Applications and data stores use Kafka for ingesting, storing, and processing real-time data streams, making it a fundamental component in building event-driven architectures and systems that require the processing of continuous data flows. Additionally, many use cases leverage Kafka not just for real-time data but to ensure data consistency across real-time, batch, and request-response APIs.

Use Cases for Apache Kafka as Storage System

While most people think about Kafka as a message broker, real-time analytics platform, or big data ingestion system, the distributed commit log with ordering guarantees and timestamps enables plenty of use cases for accessing data long after its creation or replaying historical data.

Here are a few examples for use cases that leverage long-term storage of data in Kafka:

New consumer: Deploy a new application / database / data warehouse, data lake and synchronize the state of the business objects.
Offloading: Reducing cost significantly by NOT consuming again and again from expensive or non-scalable systems (e.g. mainframe and MIPS)
Error-handling: Re-process historical data after fixing an issue in the business logic.
Compliance / regulatory processing: Replay historical data to analyze an incident.
Query and analyze existing events: Consume data from a notebook for data engineering, analytics, or reporting.
Schema changes in analytics platform: Re-process data after updating data contracts.
Model training: Batch ingestion into an AI framework to apply a machine learning algorithm
Disaster recovery: Operational data stores replay data again from the persistent commit log in the case of a failure.
…

Objections for Storing Data Long-Term in Kafka

Storing data long term in Kafka has a few drawbacks. The following arguments are valid concerns:

Cost: Storing large volumes of data on attached disks is much more expensive than external storage systems like an object store.
Scalability: Operating Kafka brokers with lots of data (say many gigabytes, or even terabytes, and more) is challenging, especially in the case of failures when you need to rebalance partitions.
Risk: Downtime or data inconsistencies happen if operations struggle with large volumes or when hardware needs to be migrated.

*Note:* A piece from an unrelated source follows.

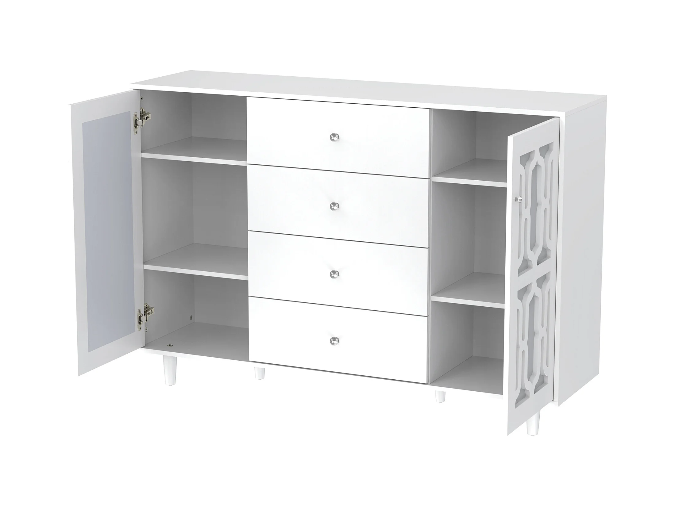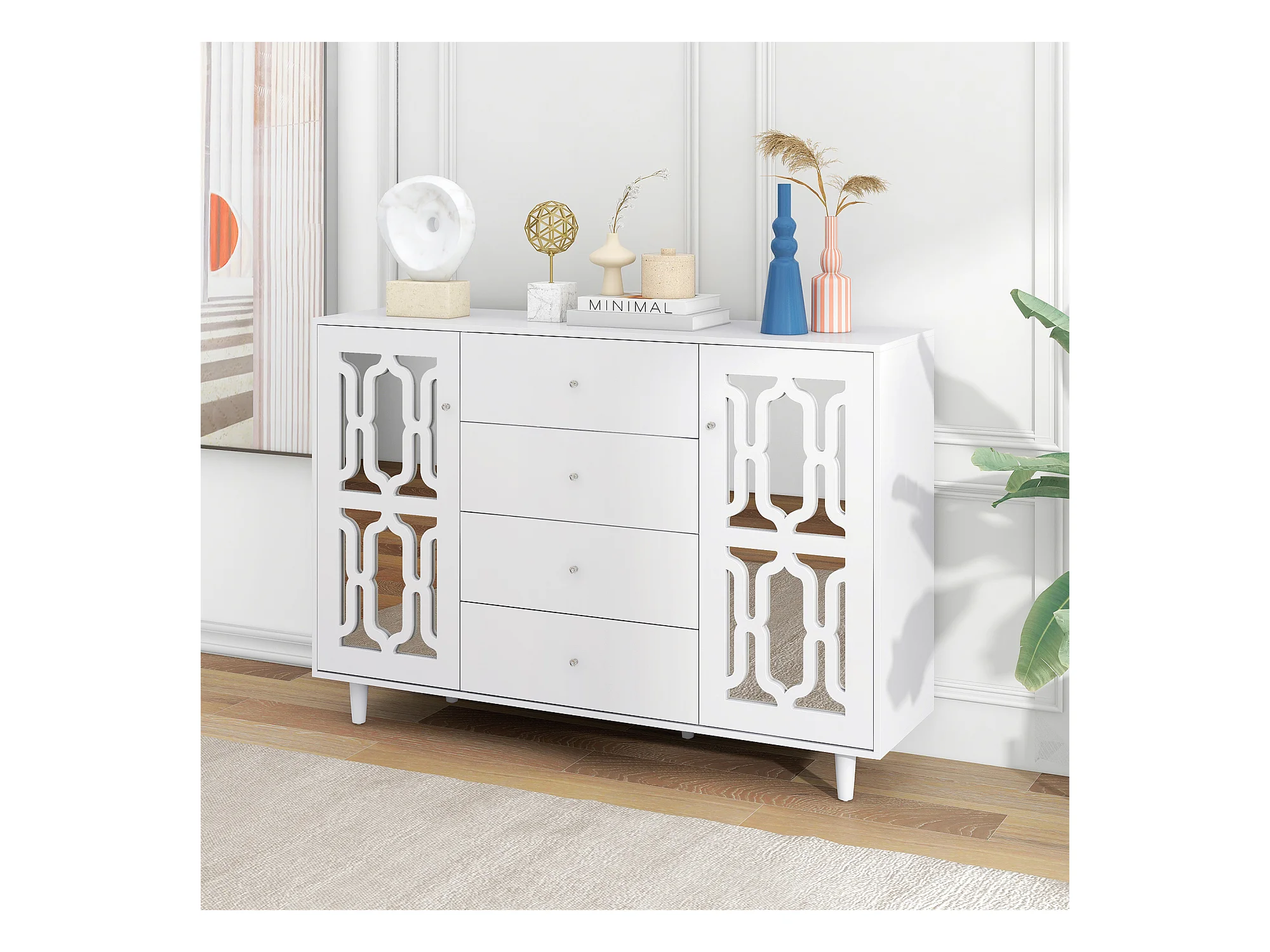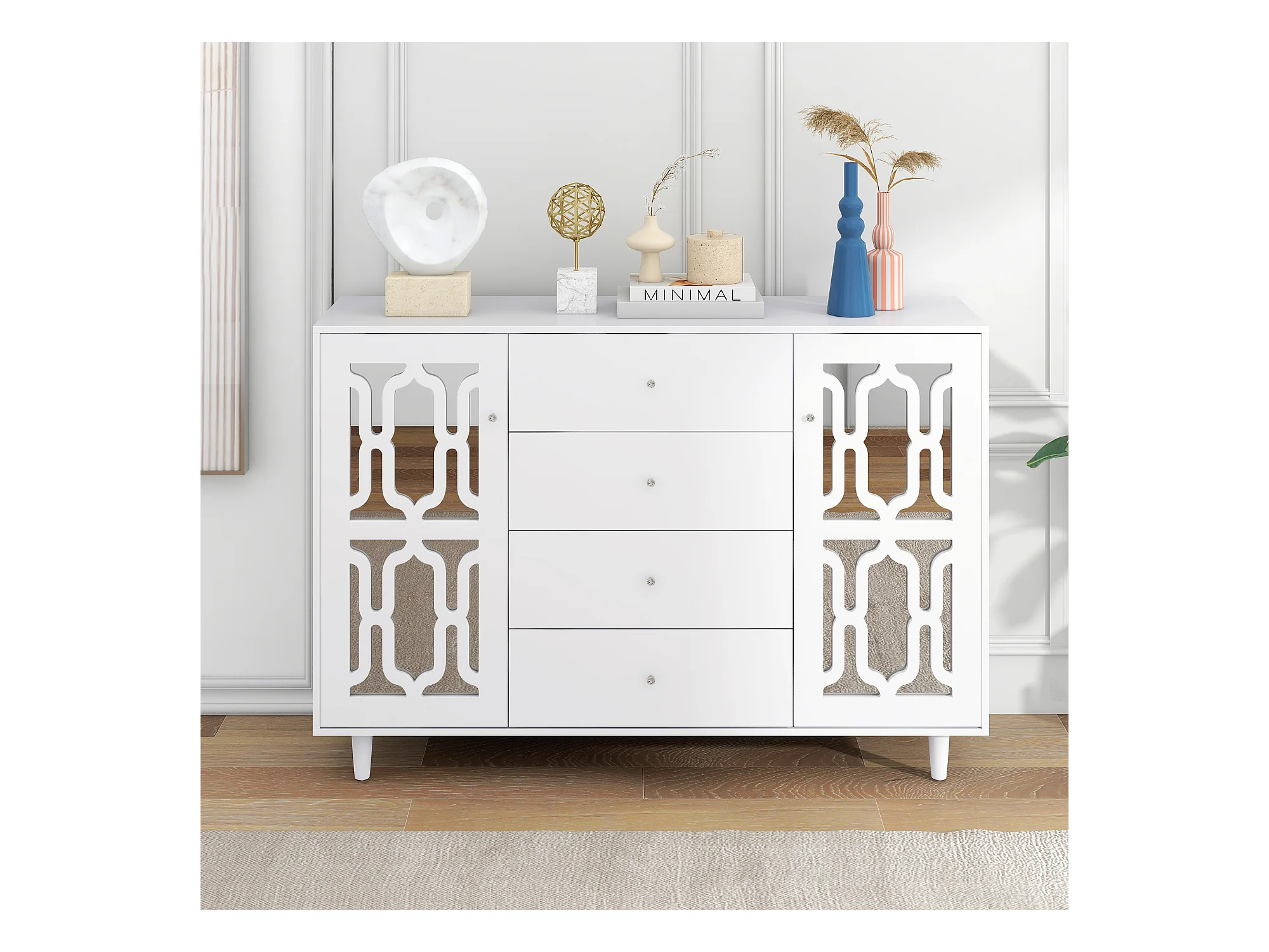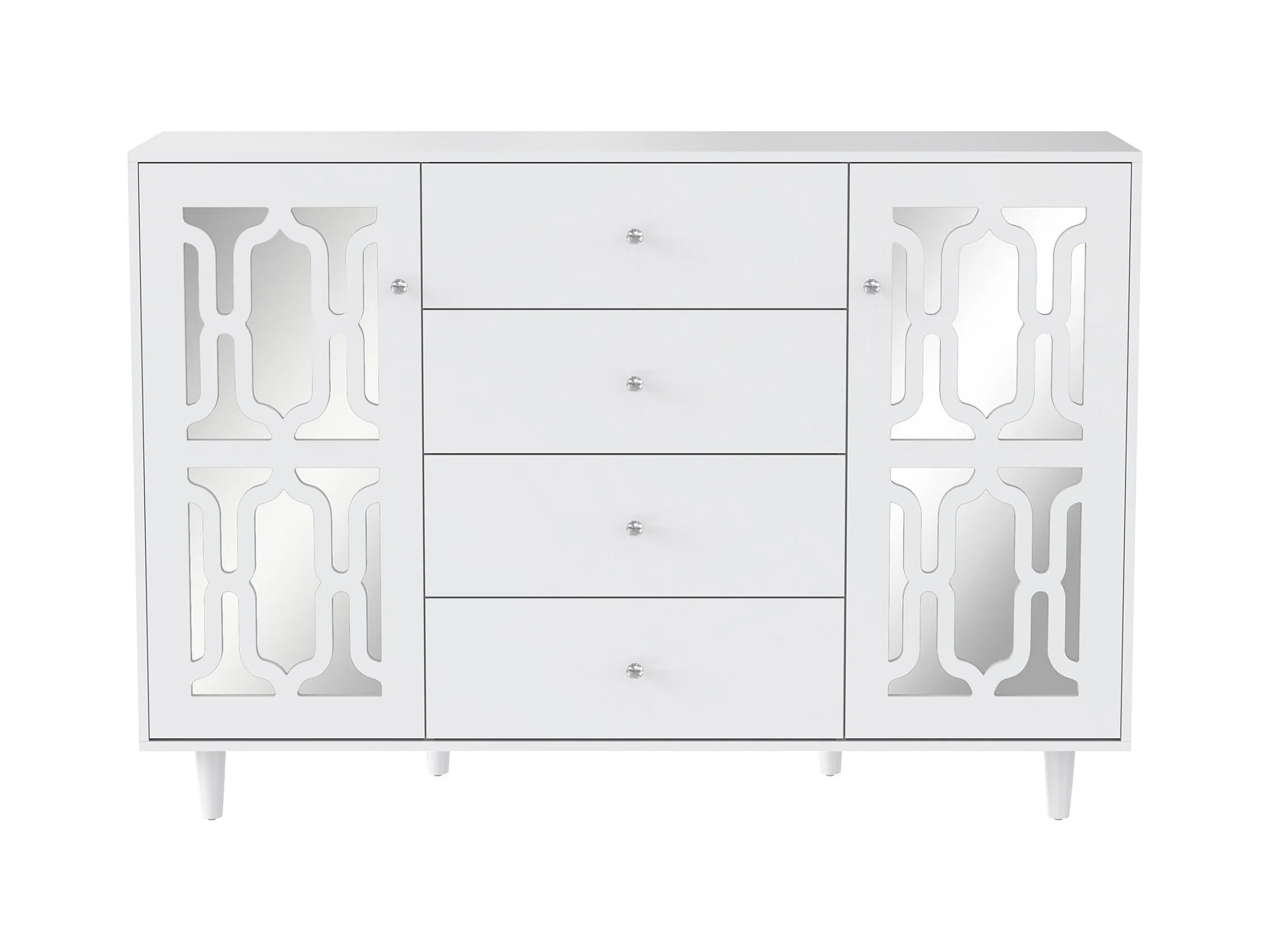 Dressoir 160x40x84cm met 2 spiegeldeuren en 4 lades, romp in zwart gelakt

Therefore, you should NOT store big data sets in Kafka without Tiered Storage! With this in mind, let’s explore how Tiered Storage for Kafka solves these problems.

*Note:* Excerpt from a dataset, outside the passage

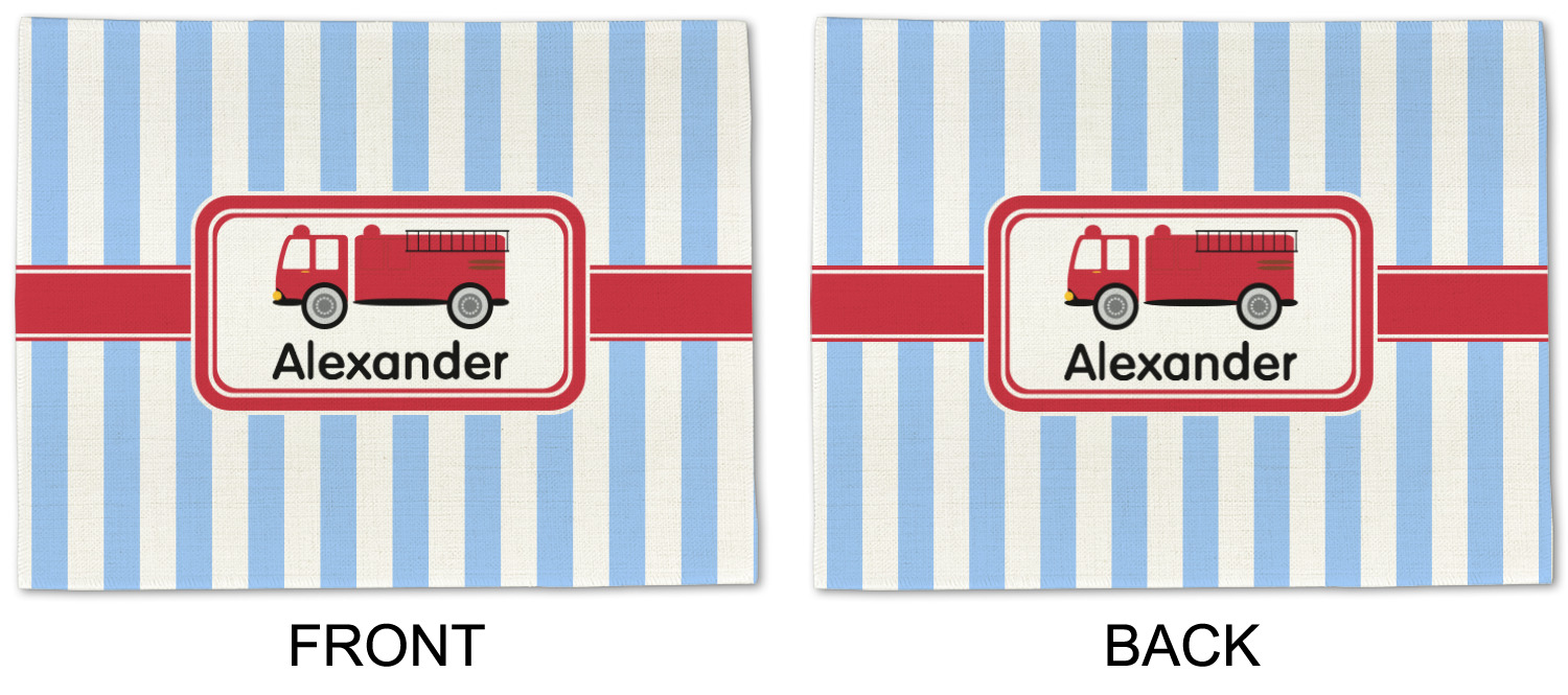 What little boy doesn't dream about growing up and becoming a fire fighter? Set on a classic striped blue and white background, this design featuring a snazzy firetruck is perfect for your little fireman-to-be.

Introducing Tiered Storage for Apache Kafka

Apache Kafka’s backend is a distributed system running Kafka brokers. Each Kafka broker has processing and storage capabilities.

The applications are producers and consumers of events. Many interfaces communicate with Kafka brokers:

An application written in Java, Python, C++, Go, or any other programming language
A Kafka Connect source or sink connector connecting to IBM MQ, Spark, Snowflake, or any other data store or SaaS application
A stream processor built with Kafka-native Kafka Streams, KSQL, or external infrastructures like Apache Flink
Any other endpoint, like a HTTP interface or an out-of-the-box integration of another middleware or data platform

What is Tiered Storage for Kafka?

Tiered storage for Apache Kafka refers to the capability of configuring different storage tiers to optimize the storage infrastructure based on the access patterns and requirements of the data stored in Kafka brokers.

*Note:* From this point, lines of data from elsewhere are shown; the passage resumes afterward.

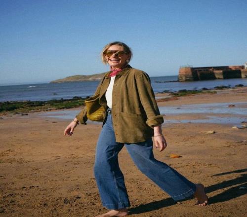 或者用這兩年很火的Barbour油蠟皮谷倉夾克,搭配紅色針織,形成“一剛一柔”的對比。▼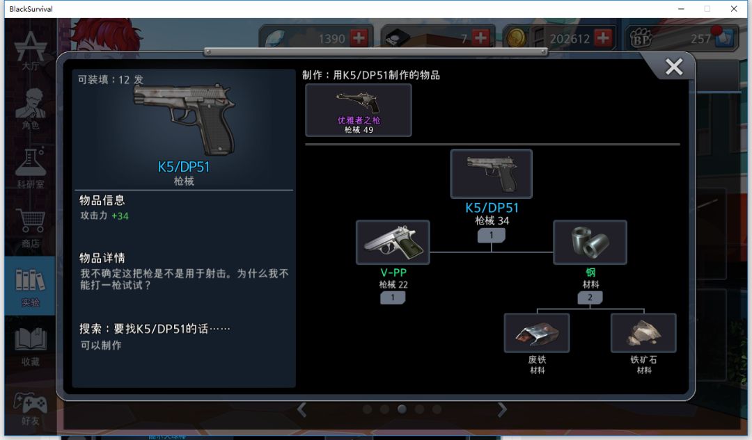 没啥说的了=-=懂的人都懂了,格子不够可以优雅者,散弹枪见到可以盲丢。码头后转点学校摸剪刀补激光笔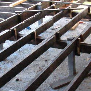 Между наружными балками обвязки и балками, прикрепленными к стенам с помощью металлических крепежных перфорированных уголков, установлены поперечные лаги такого же сечения.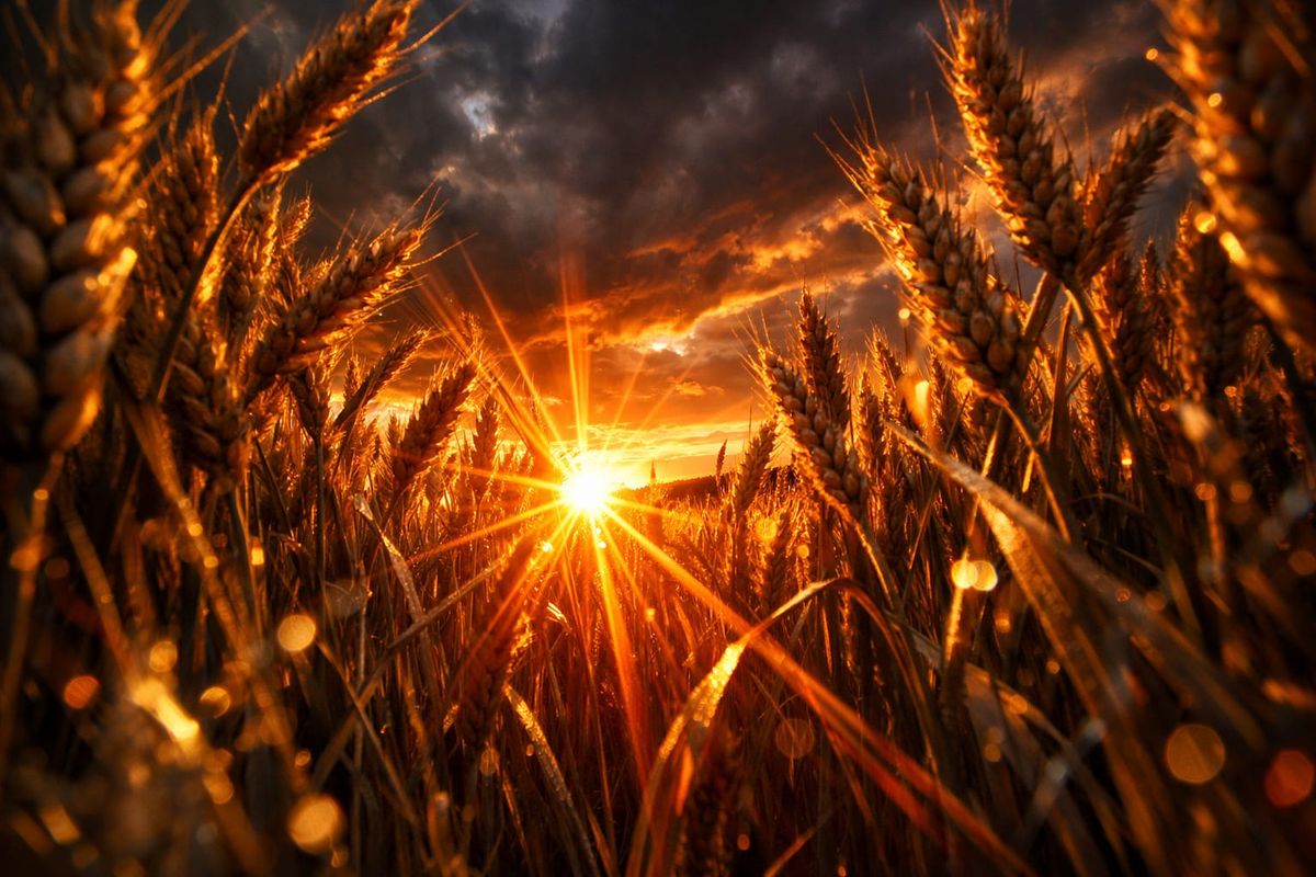 This image captures a dramatic sunset over an open field of wheat crops, featuring intense lighting and a deep depth of field for a maximalist, sinister aesthetic.

A Kafka cluster stores data in Kafka Topics. These topics can have different characteristics in terms of importance, access frequency, and retention policies.

The concept is like the general idea of tiered storage in storage systems, but it’s adapted to the specific needs of Kafka. Tiered Storage is one critical making the Kafka architecture cloud-native.

Kafka Architecture without Tiered Storage

Kafka applications communicate with logical Kafka Topics to produce messages to or consume messages from partitions:

The storage is a disk attached to the broker. This can be HDD or SDD disks on-premise or e.g. EBS volumes on AWS cloud.

Kafka Architecture with Tiered Storage

Tiered Storage for Kafka does NOT change how applications communicate with Kafka brokers. Tiered Storage is an implementation detail:

Besides the disks attached to the broker, Kafka offloads data to an external storage. Most times, this is an object storage like Amazon S3, Azure Blog Storage, Google Cloud Storage, or MinIO for Kubernetes.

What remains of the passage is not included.